[Stored data]

■ ■ ■ ■ ■

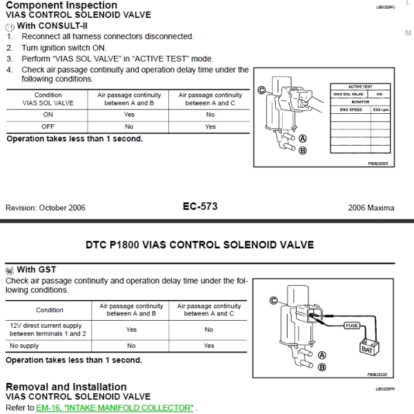 предохранитель этот связан с ошибкой DTC P1800 VIAS CONTROL SOLENOID VALVE, скорее всего коротит сам клапан SOLENOID VALVE, отключи его, а лучше проверь вполне возможно машина не ехала из за клапана, его работу можно так же проверить консалтом, после устранения КЗLandShark писал(а):... консалт и он показал 2 ошибки: Р1800 (че то там с каким то магнитным соленоидом VIAS вроде) и Р0306(типа не было зажигания в 6 цилиндре). ЕЩЕ заметил сгоревший предохранитель 15А под капотом- ENG CONT 1. Поставил новый, но при включении зажигания он сразу сгорает...
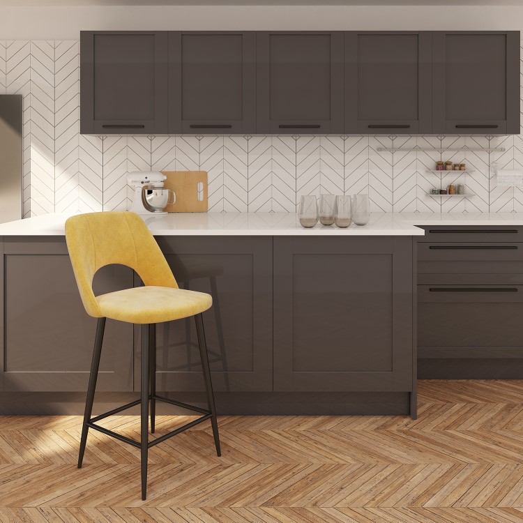 Home bar or breakfast bar, the Colbie bar stool is the perfect addition to round off your look. Sophisticated in design, it provides the finishing touch you've been striving for. Upholstered in a textured chenille yellow fabric and finished off with sleek black legs, this bar stool offers a timeless design and comfortable dining experience.
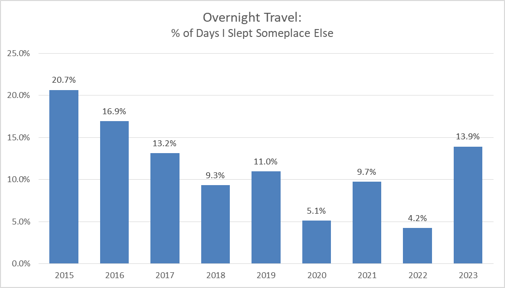 I track where I sleep each night as a proxy for travel. My phone wakes up at 3:30AM, pings my location & sends it to the cloud. For some reason, in 2022, I really stayed at home. That’s >20 days at home for every 1 day out. Crazy. Glad to see I’m trending up in 2023 - and the holidays haven’t even begun yet.
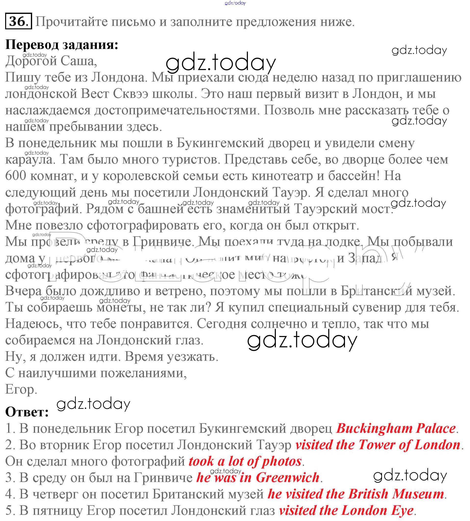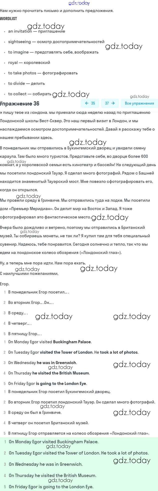 На страницах сайта gdz.today вы найдете учебный и вспомогательный материал, направленный на улучшения знаний школьной программы. ГДЗ - онлайн мир знаний Решение к Unit 3. Faces of London 36 Учебнику по Английскому языку для 5 класса Биболетова, Денисенко Титул Enjoy English 2015
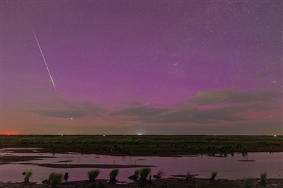 6月1日,在双鸭山市集贤县拍摄的极光和流星。

■ ■ ■ ■ ■

## WORK INSTRUCTIONS
The required output is every line from the one containing "I track where" through the last line of the data above, restated exactly and without pictures.

## COMPLETED TASK
 I track where I sleep each night as a proxy for travel. My phone wakes up at 3:30AM, pings my location & sends it to the cloud. For some reason, in 2022, I really stayed at home. That’s >20 days at home for every 1 day out. Crazy. Glad to see I’m trending up in 2023 - and the holidays haven’t even begun yet.
 На страницах сайта gdz.today вы найдете учебный и вспомогательный материал, направленный на улучшения знаний школьной программы. ГДЗ - онлайн мир знаний Решение к Unit 3. Faces of London 36 Учебнику по Английскому языку для 5 класса Биболетова, Денисенко Титул Enjoy English 2015
 6月1日,在双鸭山市集贤县拍摄的极光和流星。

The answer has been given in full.